水魔女と水龍 1
「……で、まずはどの魔女に会いに行くんだ?」
「う~ん。そうねぇ。まぁ、今日いきなりっていうのもさすがに不味いと思うから……まずは一番近くにいる魔女に許可を貰うべきじゃないかしらねぇ」
そういってアニマはチラリとフォルリの方に顔を向ける。
「……なるほど。確かに、私、一番近い魔女」
そういってフォルリはアニマの方を見てから、俺の方を見た。
「え、えっと……フォルリ。ホントにいいのか?」
さすがの俺も、いきなりのことにあまり対応できていなかった。
俺がそう訊くと、フォルリはニッコリとぎこちなく微笑んだ。
「問題、ない。私は、タイラーに魔法使いとしての資格、十分にあると考える」
フォルリにそういって貰って俺は思わず安心してしまった。
でも、むしろ魔法使いなんて別になりたくもないのに、許可なんて貰ってしまうのはよく考えれば良くないことだったのかもしれないが……フォルリがいいと言ってくれるのだし、良しとするべきである。

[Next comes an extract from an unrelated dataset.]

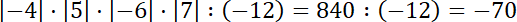 Wykonaj mnożenie wartości bezwzględnych liczb podanych w zadaniu i podziel wynik przez liczbę przeciwną do liczby 12.
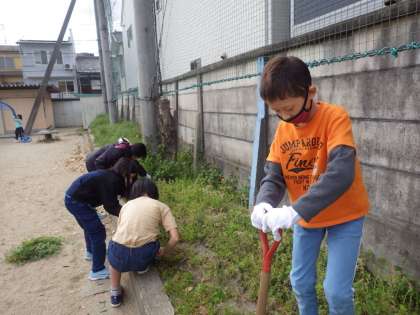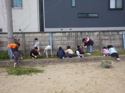放課後に6年生の有志4人と学校園の草抜きをしていると,他の学年の人たちも次々と手伝ってくれました。最終的にはこんな人数に…!

「そう。じゃあ、フォルリ。タイラーに魔法使いとしての資格を与えるということで良いのね?」
「……待って。1つ、条件ある」
と、不意にフォルリがきっぱりとそう言った。アニマと俺は思わずフォルリの方を見てしまう。
「条件……何かしら?」
意外な発言に、アニマは怪訝そうな顔でフォルリを見た。
「……アニマ。なぜ、タイラーに魔法使いとしての資格を与えようとしている? それ、聞くこと、条件」
いつものフォルリとは違う、はっきりとした態度で、フォルリはアニマにそういったのだった。